▶ [Exercise material]:
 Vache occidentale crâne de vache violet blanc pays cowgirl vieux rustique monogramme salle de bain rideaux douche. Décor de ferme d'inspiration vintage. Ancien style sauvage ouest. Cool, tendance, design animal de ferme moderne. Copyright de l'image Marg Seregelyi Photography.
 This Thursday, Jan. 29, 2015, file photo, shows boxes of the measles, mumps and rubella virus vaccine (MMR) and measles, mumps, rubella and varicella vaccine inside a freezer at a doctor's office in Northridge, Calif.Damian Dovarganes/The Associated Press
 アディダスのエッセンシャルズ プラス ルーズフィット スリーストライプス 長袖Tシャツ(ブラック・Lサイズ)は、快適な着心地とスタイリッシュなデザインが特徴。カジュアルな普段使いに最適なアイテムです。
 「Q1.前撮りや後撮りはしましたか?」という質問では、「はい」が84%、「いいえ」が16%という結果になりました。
---
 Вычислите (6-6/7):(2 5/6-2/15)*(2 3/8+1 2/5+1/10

▶ [Task to carry out]: Beginning with the line holding "Vache occidentale crâne" and ending with the line holding "This Thursday, Jan.", write out the stretch of material above exactly; add no further lines.

▶ [Written reply]:
 Vache occidentale crâne de vache violet blanc pays cowgirl vieux rustique monogramme salle de bain rideaux douche. Décor de ferme d'inspiration vintage. Ancien style sauvage ouest. Cool, tendance, design animal de ferme moderne. Copyright de l'image Marg Seregelyi Photography.
 This Thursday, Jan. 29, 2015, file photo, shows boxes of the measles, mumps and rubella virus vaccine (MMR) and measles, mumps, rubella and varicella vaccine inside a freezer at a doctor's office in Northridge, Calif.Damian Dovarganes/The Associated Press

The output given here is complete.